Now that we have the LSTM layer implementation (`add_lstm_layer`), let's proceed to build the TensorRT `INetworkDefinition`.
This involves defining the network structure by:
1. Adding the input tensor using `network.add_input`.
2. Adding the LSTM layer using our custom `add_lstm_layer` function.
3. Marking the LSTM layer's output tensor as the network's final output.

In [None]:
builder = trt.Builder(TRT_LOGGER)
network = builder.create_network()

# === Network Definition ===
# Shape: [seq_len, batch_size, input_size] -> e.g., [5, 1, 1]
input_tensor = network.add_input(name='input', dtype=trt.float32, shape=(seq_len, batch_size, input_size))

# --- Add SINGLE LSTM Layer ---
lstm_output = add_lstm_layer(network=network,
                                input_sequence=input_tensor,
                                hidden_size=hidden_size,
                                seq_len=seq_len,
                                weight_W=np_weight_W, 
                                weight_U=np_weight_U, 
                                bias=np_bias) 
# lstm_output shape: [seq_len, batch_size, hidden_size] -> e.g., [5, 1, 2]

# --- Mark Output ---
lstm_output.name = 'hidden_state_sequence'
network.mark_output(lstm_output)

## Step 3: Build the Engine

Now that we have defined the network (`INetworkDefinition`), the next step is to build the optimized TensorRT engine. This process involves using the `trt.Builder` along with an `trt.BuilderConfig` object to specify how the engine should be built.

The `IBuilderConfig` allows you to control various aspects of the build process, such as:
*   Setting memory constraints (e.g., workspace size using `set_memory_pool_limit`).
*   Setting builder flags to control optimization strategies and compatibility.

Once the network and configuration are ready, the `builder.build_serialized_network(network, config)` method is called to produce the serialized engine, which can then be saved to a file or used directly.


## (Optional) Defining a Progress Monitor
Building a TensorRT engine can sometimes take a while, especially for complex models. Don't worry if the build seems long! TensorRT offers a helpful tool called `IProgressMonitor`. This interface lets you track the build process step-by-step, making it easier to monitor progress and even debug if needed. 

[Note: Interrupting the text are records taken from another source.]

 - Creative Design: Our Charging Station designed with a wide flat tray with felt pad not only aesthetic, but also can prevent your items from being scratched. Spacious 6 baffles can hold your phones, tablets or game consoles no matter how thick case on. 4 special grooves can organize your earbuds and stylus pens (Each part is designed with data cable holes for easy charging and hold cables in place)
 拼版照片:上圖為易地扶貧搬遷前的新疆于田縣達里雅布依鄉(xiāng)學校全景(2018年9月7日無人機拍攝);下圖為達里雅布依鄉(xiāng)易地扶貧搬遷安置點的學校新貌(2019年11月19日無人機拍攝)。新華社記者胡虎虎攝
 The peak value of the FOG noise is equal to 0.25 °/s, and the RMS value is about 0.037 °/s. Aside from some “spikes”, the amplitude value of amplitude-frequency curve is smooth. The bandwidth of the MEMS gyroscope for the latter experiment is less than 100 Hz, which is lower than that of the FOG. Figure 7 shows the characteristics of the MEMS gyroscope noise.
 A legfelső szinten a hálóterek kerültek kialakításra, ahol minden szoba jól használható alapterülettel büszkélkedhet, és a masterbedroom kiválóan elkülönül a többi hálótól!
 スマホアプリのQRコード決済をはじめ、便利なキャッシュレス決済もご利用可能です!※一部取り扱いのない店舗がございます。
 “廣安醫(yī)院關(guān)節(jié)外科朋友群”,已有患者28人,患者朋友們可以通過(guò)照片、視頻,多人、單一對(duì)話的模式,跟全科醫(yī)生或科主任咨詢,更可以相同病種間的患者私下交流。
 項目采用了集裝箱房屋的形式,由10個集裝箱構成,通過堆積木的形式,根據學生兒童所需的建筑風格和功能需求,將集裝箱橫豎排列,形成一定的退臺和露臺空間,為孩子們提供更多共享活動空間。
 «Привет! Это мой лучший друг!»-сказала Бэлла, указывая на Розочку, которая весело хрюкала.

### Implementing `IProgressMonitor`

To use the progress monitor, inherit from `trt.IProgressMonitor` and override its key methods:

*   `phase_start(self, phase_name, parent_phase, num_steps)`: TensorRT calls this method when it begins a significant phase of the build process (e.g., "Parsing ONNX Model", "Building Engine"). 
    *   `phase_name`: Name of the phase starting.
    *   `parent_phase`: Name of the parent phase, if this is a sub-phase (can be `None`).
    *   `num_steps`: The total number of steps expected for this phase.
*   `step_complete(self, phase_name, step)`: Called after each incremental step within a phase is completed.
    *   `phase_name`: Name of the current phase.
    *   `step`: The index of the step that just finished (0-based).
    *   *Your implementation* usually updates the corresponding progress indicator.
    *   **Crucially, this method must return `True` to allow the build to continue.** Returning `False` or `None` will signal TensorRT to cancel the build.
*   `phase_finish(self, phase_name)`: Called when a phase (and all its steps) is completed.
    *   `phase_name`: Name of the phase that finished.
    *   *Your implementation* typically finalizes and removes the progress indicator for this phase.

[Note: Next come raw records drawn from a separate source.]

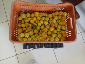 E agora foi a época da fartura da colheita do pêssego. Uma arvore rendeu cerca de 100kg de pêssego. Foi trabalho para vários dias. E uma das brincadeiras é: quem sabe o que tem de sobremesa hoje? todos sorriam e dizem- pêssego. Uns gostam mais outros menos. É a diversidade de gostos.
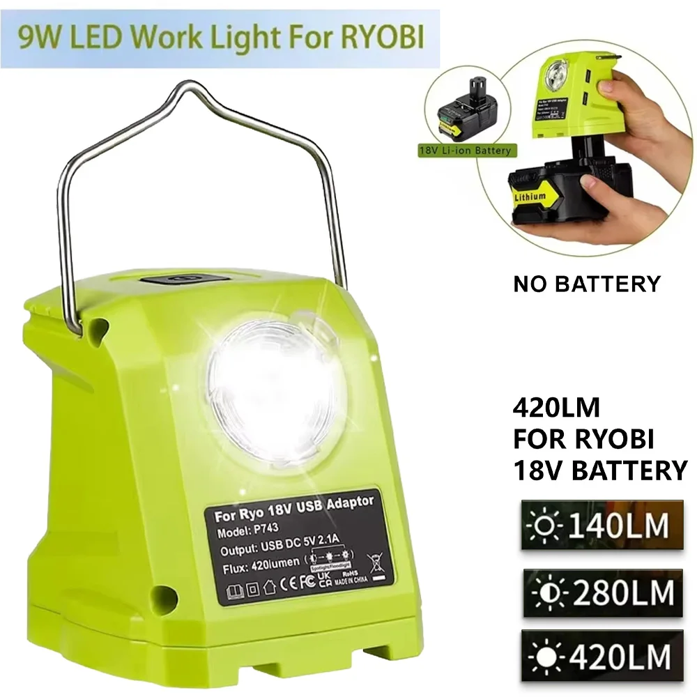 No solo un adaptador de batería para Ryobi de 18 V, sino una luz de emergencia, una luz de trabajo LED y una linterna para acampar al aire libre.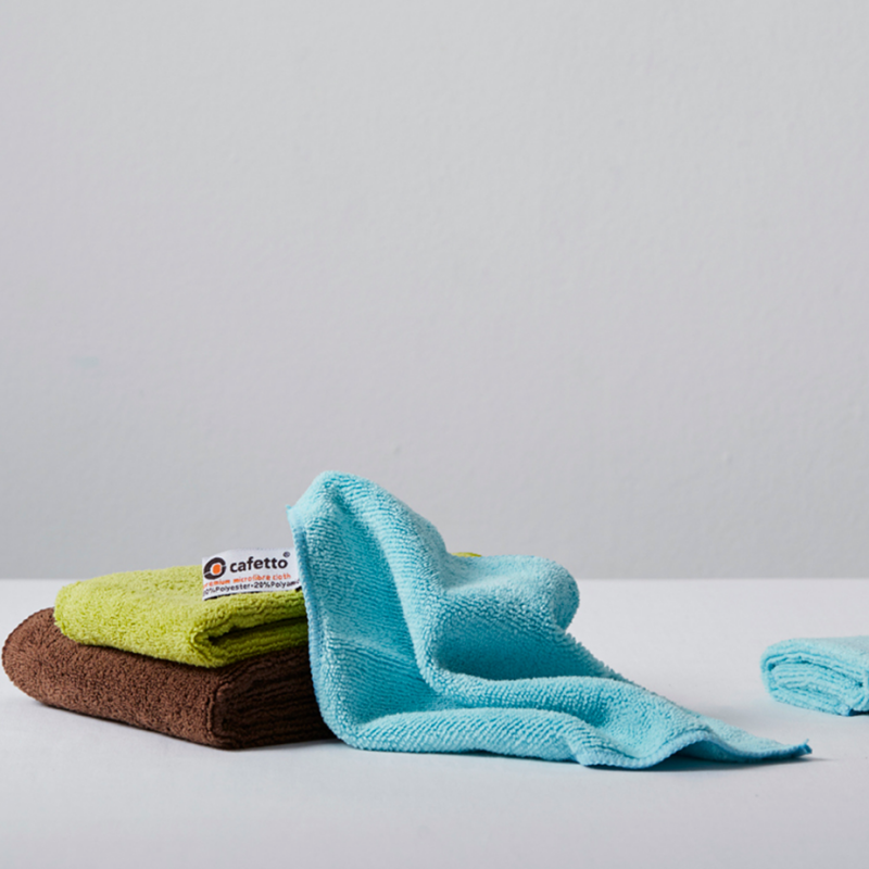 Cafetto barista kludesæt indeholder 4 mikrofiberklude af høj kvalitet. Kludene er designet til at rengøre din espressomaskine og andre overflader.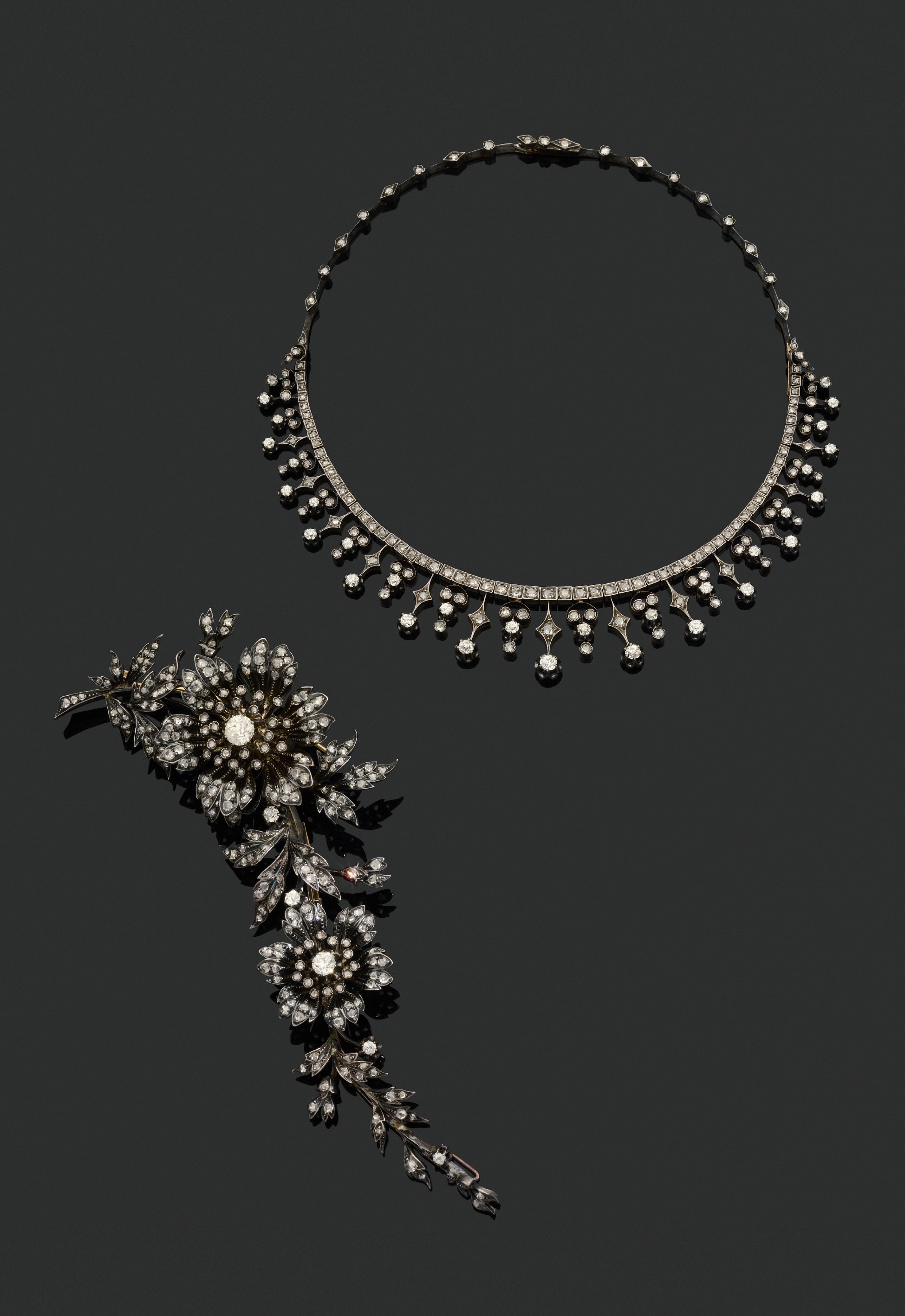 - Collier articulé en or 750 millièmes et en argent 800 millièmes, entièrement serti de diamants taillés en rose, la partie centrale amovible décorée de motifs en chute ornés de diamants taillés en rose et ronds de taille ancienne, dont 15 diamants d'environ 0,05 à 0,25 ct chacun.

After that, hook it with `IBuilderConfig` by setting `config.progress_monitor = MyProgressMonitor()`

In [None]:
class SimpleProgressMonitor(trt.IProgressMonitor):
    def __init__(self):
        trt.IProgressMonitor.__init__(self)
        self._active_phases = 0

    def phase_start(self, phase_name, parent_phase, num_steps):
        print(f"[ProgressMonitor] Phase Start: {phase_name} ({num_steps} steps)")
        self._active_phases += 1

    def phase_finish(self, phase_name):
        print(f"[ProgressMonitor] Phase Finish: {phase_name}")
        self._active_phases -= 1

    def step_complete(self, phase_name, step):
        print(f"[ProgressMonitor] Step Complete: {phase_name}, Step {step}")
        return True

    @property
    def active_phases(self):
        return self._active_phases

## (Optional) Version Compatible Engine
TensorRT engines are typically optimized for the specific GPU and TensorRT version they are built on. This maximizes performance but can cause incompatibility if the deployment environment differs.

The `trt.BuilderFlag.VERSION_COMPATIBLE` flag addresses this by creating a more portable engine. This engine is less sensitive to minor variations in TensorRT versions or GPU models (within a compatible family), potentially at the cost of some performance compared to a non-compatible engine optimized for the exact target. It also reduces the need to rebuild the engine for every minor TensorRT update. Version compatibility is supported from TensorRT 8.6 onwards; the plan must be built with a version at least 8.6 or higher, and the runtime must also be 8.6 or higher.

### Use Cases
*   Deploying across diverse hardware fleets with compatible GPUs/TRT versions.
*   Distributing applications where end-user system configurations vary.
*   Simplifying maintenance by avoiding frequent rebuilds for minor updates.

### How it Works
Enabling `trt.BuilderFlag.VERSION_COMPATIBLE` instructs TensorRT to use more generic optimizations. By default, this flag also causes a copy of a "lean runtime" (a version-specific, stripped-down runtime component) to be packaged within the engine plan file. When you deserialize this engine plan on a compatible system, TensorRT recognizes the embedded lean runtime, loads it, and uses this runtime to deserialize and execute the rest of the plan. 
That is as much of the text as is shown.